Merahputih.com menemui sang maestro tari kelahiran Deventer, Belanda, 8 September 1947, itu dalam sebuah peluncuran produk patung porselen. Kehadiran Bulantrisna pada peluncuran itu tak lain karena ia merupakan salah seorang kolaborator dalam pengerjaan koleksi patung yang diberi nama Enchanting Legong. Ya, dari namanya saja sudah bisa diketahui bahwa patung porselen itu menampilkan tari Legong sebagai inspirasinya.

Koleksi Enchanting Legong yang dibuat produsen porselen premium asli Indonesia, Nuanza Porcelain Indonesia, itu menampilkan sejumlah gesture gerak penari Legong yang luwes. Ide pembuatan patung porselen Legong itu sudah sekian lama dipendam pihak Nuanza. "Awalnya mereka yang mendekati saya. Baru pada 2013 bisa bertemu. Itu pun saya sempatkan di sela-sela acara," kenang Bulantrisna.

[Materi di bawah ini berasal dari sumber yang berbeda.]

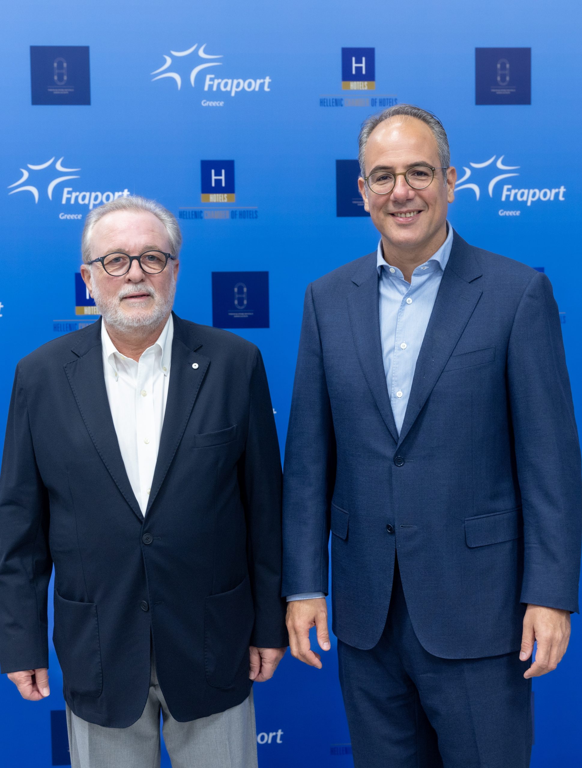 Από αριστερά προς δεξιά, κ. Σακελλάριος Σουλούνιας – Αντιπρόεδρος Ξενοδοχειακού Επιμελητηρίου Ελλάδος, κ. Γιώργος Βήλος – Γενικός Διευθυντής Ανάπτυξης Fraport Greece

Berkolaborasi dalam proyek Enchanting Legong. (foto: Istimewa)

Pemilihan Bulantrisna sebagai inspirasi di balik koleksi tersebut tentunya bukan tanpa alasan. Cucu raja terakhir Karangasem tersebut telah 60 tahun lebih menggeluti dunia tari. Bulantrisna mulai menunjukkan minat menari di usia yang amat muda, 3 tahun. Ia bercerita bahwa di banyak foto, ia tampak menampilkan gerak-gerak tari yang notabene belum pernah ia lihat. "Padahal, belum pernah lihat orang menari Bali. Kan saya tidak tinggal di Bali," kenangnya.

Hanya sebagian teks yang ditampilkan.